2. Break off about a 2’’ square piece of tamarind paste and pour about 1/2 cup boiling water over. Let sit. Once tamarind has softened, you can sieve to remove seeds.
3. Make a green masala paste by blending peeled ginger, garlic cloves, jalapeno, cilantro, dried coconut, and coconut milk until a paste-like consistency. Set aside.

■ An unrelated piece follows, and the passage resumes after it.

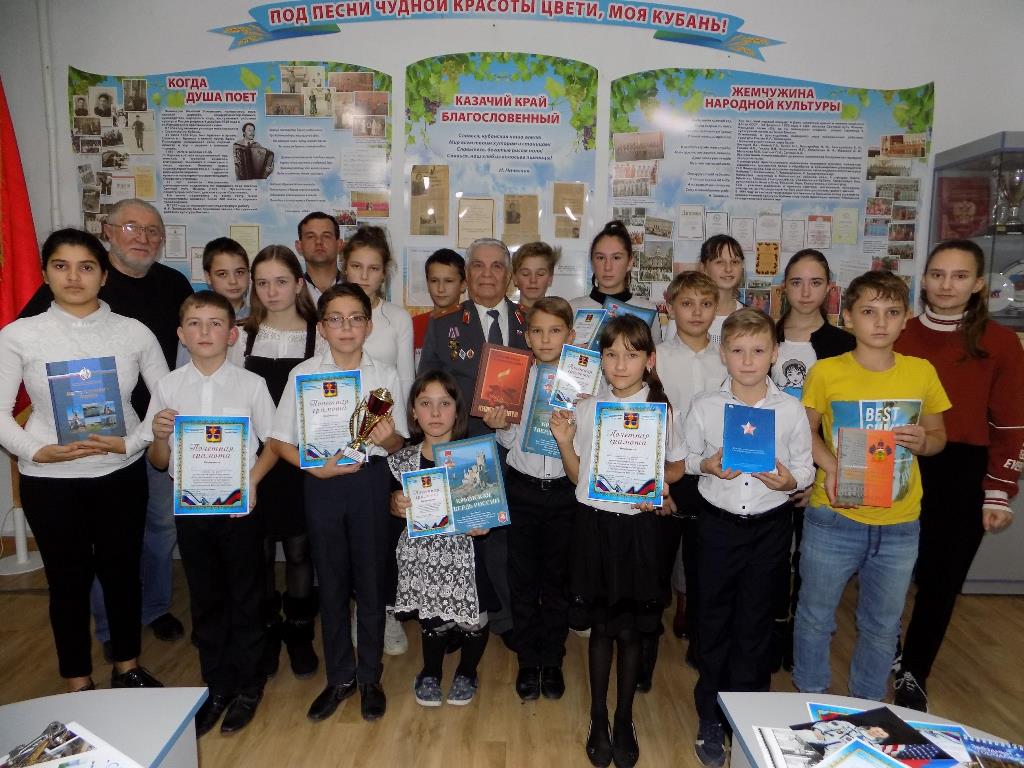 По итогам акции самому активному юному музееведу Абдулмеджиду Агасиеву вручен кубок и почетная грамота. На втором месте по итогам конкурсной программы Егор Сытник, на 3 м Карина Антипина. Все ребята шестиклассники. Кубок победителю вручил депутат Совета Курчанского сельского поселения Е.Сочивко.

4. Chop onion and tomatoes into small pieces. Set aside.
5. Create spice mixture by mixing garam masala, turmeric, cumin, coriander powder, salt, and pepper. Mix together and set aside.
6. Melt coconut oil in pan until hot. Add fish. Fry 4-6 minutes until golden. Flip and repeat on other side. Remove fish to plate.
7. In the same pan, add peanut oil and chopped onions, and brown over medium heat.
8. Add tomatoes and cook about 6 minutes until they break down.
9. Add spice mixture and curry leaves. Allow to fry in oil. Stir in tamarind and let cook for 1-2 minutes.
10. Stir in garam masala paste, coconut milk, and ½ cup water. If too dry, add more water.
11. Allow sauce to simmer over low heat for 15 minutes. Taste for salt.
12. Slide fish into sauce. Cover. Warm fish through.
13. Service with rice, raita, and/or chutney.